Abstract

Echocardiography is a vital non-invasive modality for cardiac assessment, with left ventricular ejection fraction (LVEF) serving as a key indicator of heart function. Existing LVEF estimation methods depend on large-scale annotated video datasets, which are costly and limit adaptability across various clinical settings. Recent vision-language models for echocardiography, such as EchoCLIP, apply image-to-text pretraining but fail to capture crucial temporal dynamics and localized cardiac structures essential for accurate diagnosis. To address these challenges, we propose CardiacCLIP, a video-based framework that enhances LVEF prediction through attention-based frame aggregation and multi-resolution input scaling. Specifically, we introduce MFL (Multi Frame Learning), a novel attention-based mechanism for selectively fusing informative frames, and EchoZoom, a multi-scale feature extraction strategy that refines spatial representations of cardiac structures. As a novel adaptation of CLIP models for few-shot echocardiogram video analysis, our approach significantly improves diagnostic accuracy, reducing MAE by 2.07 on the EchoNet-Dynamic dataset under 1-shot setting. The code is available at https://github.com/xmed-lab/CardiacCLIP.
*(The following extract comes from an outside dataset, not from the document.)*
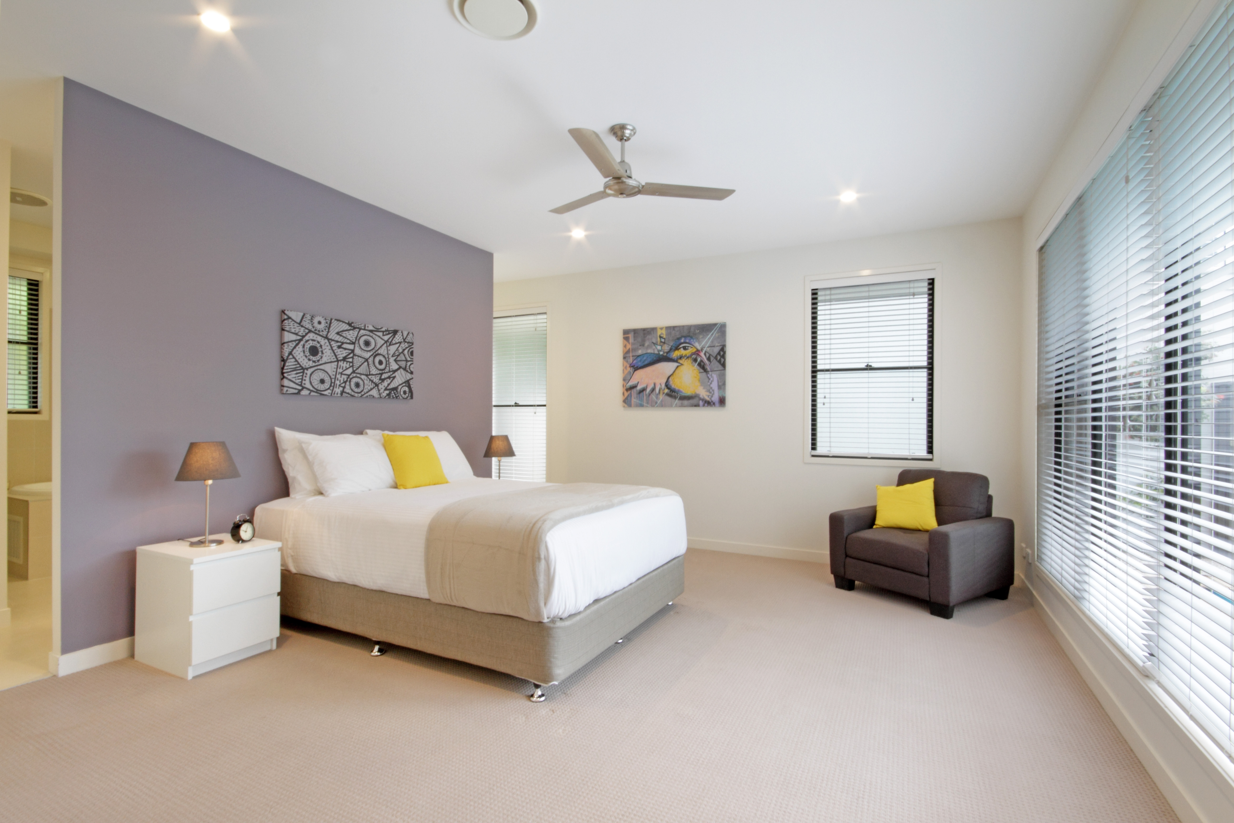 Master bedroom is located at the front of the property next to the guest bedroom and has a walk-in robe and ensuite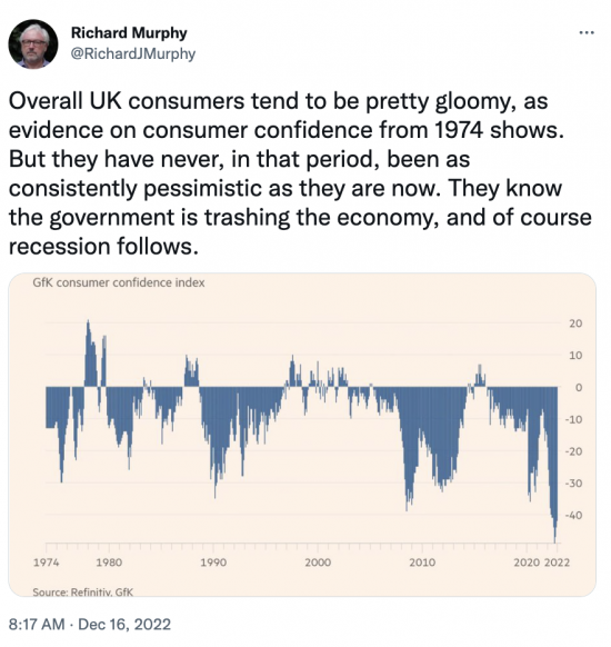 Consumer confidence in the UK continues to accurately reflect the fact that the government is doing its utmost to trash the economy by refusing adequate pay increases, creating industrial conflict and by choosing to let the Bank of England impose wholly unnecessary increases in interest rates that increase the price of money when escalating prices are meant to be the problem that they are tackling.

Links to Paper and Supplementary Materials

Main Paper (Open Access Version): https://papers.miccai.org/miccai-2025/paper/0034_paper.pdf

SharedIt Link: https://rdcu.be/eHwTb

SpringerLink (DOI): https://doi.org/10.1007/978-3-032-04971-1_5

Supplementary Material: Not Submitted

Link to the Code Repository

https://github.com/xmed-lab/CardiacCLIP

Link to the Dataset(s)

N/A

BibTex

@InProceedings{DuYao_CardiacCLIP_MICCAI2025,
        author = { Du, Yao AND Guo, Jiarong AND Li, Xiaomeng},
        title = { { CardiacCLIP: Video-based CLIP Adaptation for LVEF Prediction in a Few-shot Manner } },
        booktitle = {proceedings of Medical Image Computing and Computer Assisted Intervention -- MICCAI 2025},
        year = {2025},
        publisher = {Springer Nature Switzerland},
        volume = {LNCS 15964},
        month = {September},
        page = {46 -- 56}
}

Reviews

Review #1

Please describe the contribution of the paper

The authors introduce an adapted clip model specialized for LVEF prediction based on LVEF-relevant clinical text and echocardiograms. They introduce an attention-based aggregation scheme to selectively fuse frame representations from the CLIP image encoder (Multi-frame learning). In addition, they fuse features generated by inputting the echonet frames at multiple scales. They evaluate their method in the few-shot setting using the EchoNet dataset. They compare with traditional methods that do not incorporate textual information and other CLIP-based methods that do not contain the multi-frame learning mechanism or multi-resolution feature fusion.
Please list the major strengths of the paper: you should highlight a novel formulation, an original way to use data, demonstration of clinical feasibility, a novel application, a particularly strong evaluation, or anything else that is a strong aspect of this work. Please provide details, for instance, if a method is novel, explain what aspect is novel and why this is interesting.

The authors present a reasonable and apparently effective method for adapting CLIP to the video setting by aggregating frames via the attention mechanism in ref [14]. They also introduce a ““multi-resolution scaling strategy””.

The evaluations effectively demonstrate that their method works well compared to SOTA methods in the low-data regime (where low-data means few samples per EF bin). They also perform a thorough ablation study, demonstrating the importance of each component in their model.
Please list the major weaknesses of the paper. Please provide details: for instance, if you state that a formulation, way of using data, demonstration of clinical feasibility, or application is not novel, then you must provide specific references to prior work.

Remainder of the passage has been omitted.